# What you will do:
Print the listing below only from the line that has "Young african american" through the line that has "Imán de estilo", exactly, and drop any picture.

# Supplied information:
[Start of Attachment]
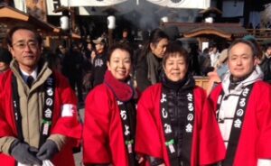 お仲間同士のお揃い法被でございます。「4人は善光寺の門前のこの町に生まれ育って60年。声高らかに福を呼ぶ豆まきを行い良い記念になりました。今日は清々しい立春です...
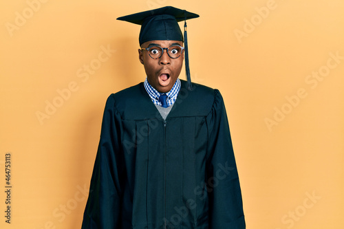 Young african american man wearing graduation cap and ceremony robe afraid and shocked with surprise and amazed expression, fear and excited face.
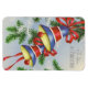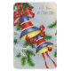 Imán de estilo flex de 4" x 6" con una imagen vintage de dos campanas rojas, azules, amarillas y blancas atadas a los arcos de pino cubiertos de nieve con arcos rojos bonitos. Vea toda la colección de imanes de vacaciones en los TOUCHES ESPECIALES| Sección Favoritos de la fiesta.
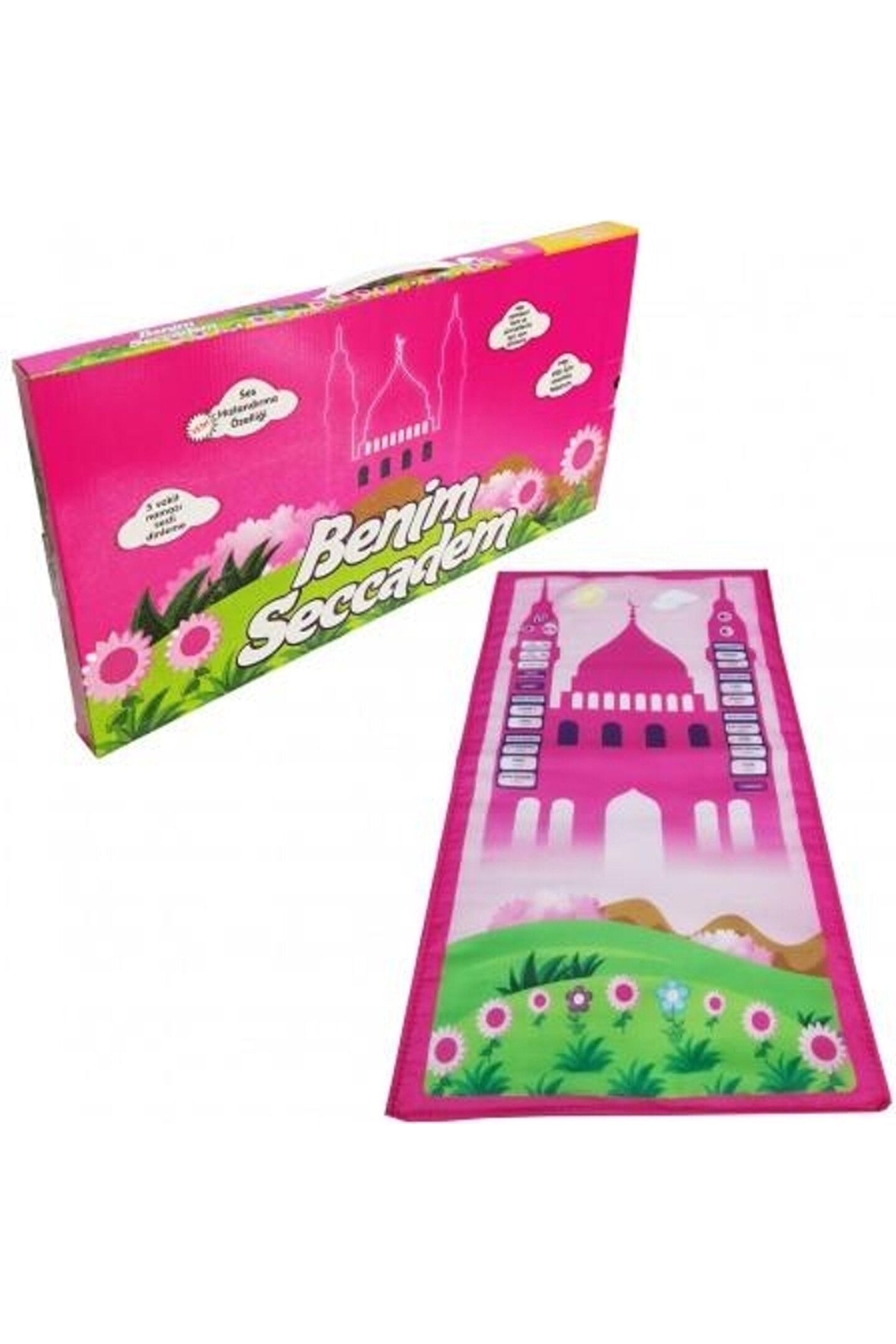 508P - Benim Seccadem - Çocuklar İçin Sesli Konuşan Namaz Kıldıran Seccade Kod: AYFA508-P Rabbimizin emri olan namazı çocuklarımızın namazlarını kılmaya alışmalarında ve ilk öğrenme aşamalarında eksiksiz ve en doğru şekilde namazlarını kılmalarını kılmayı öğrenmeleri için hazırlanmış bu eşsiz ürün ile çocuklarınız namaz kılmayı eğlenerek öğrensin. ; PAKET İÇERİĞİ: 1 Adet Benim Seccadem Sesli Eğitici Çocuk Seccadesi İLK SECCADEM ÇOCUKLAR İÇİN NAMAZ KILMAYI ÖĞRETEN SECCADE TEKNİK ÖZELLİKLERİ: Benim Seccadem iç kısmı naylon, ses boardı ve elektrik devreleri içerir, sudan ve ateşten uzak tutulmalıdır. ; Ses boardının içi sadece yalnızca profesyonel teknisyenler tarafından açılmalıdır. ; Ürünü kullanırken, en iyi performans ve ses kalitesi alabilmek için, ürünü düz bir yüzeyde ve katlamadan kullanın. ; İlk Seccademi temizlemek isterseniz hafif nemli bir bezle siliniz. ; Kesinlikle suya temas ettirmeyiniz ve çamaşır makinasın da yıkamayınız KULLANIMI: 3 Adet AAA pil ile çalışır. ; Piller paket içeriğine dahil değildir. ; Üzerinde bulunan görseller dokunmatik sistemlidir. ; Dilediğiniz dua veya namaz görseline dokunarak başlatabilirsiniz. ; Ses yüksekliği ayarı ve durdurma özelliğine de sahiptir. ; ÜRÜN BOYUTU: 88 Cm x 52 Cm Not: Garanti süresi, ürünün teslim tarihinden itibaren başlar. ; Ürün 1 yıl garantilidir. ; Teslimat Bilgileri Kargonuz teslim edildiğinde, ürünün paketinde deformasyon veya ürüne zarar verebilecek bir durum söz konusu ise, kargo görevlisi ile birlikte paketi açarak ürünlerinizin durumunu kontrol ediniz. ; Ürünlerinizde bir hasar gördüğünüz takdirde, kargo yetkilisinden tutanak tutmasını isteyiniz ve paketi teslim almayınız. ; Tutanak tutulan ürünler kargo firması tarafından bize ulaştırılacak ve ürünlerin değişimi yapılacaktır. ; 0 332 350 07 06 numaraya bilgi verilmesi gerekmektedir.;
[End of Attachment]
# Answer box:
 Young african american man wearing graduation cap and ceremony robe afraid and shocked with surprise and amazed expression, fear and excited face.
 Imán de estilo flex de 4" x 6" con una imagen vintage de dos campanas rojas, azules, amarillas y blancas atadas a los arcos de pino cubiertos de nieve con arcos rojos bonitos. Vea toda la colección de imanes de vacaciones en los TOUCHES ESPECIALES| Sección Favoritos de la fiesta.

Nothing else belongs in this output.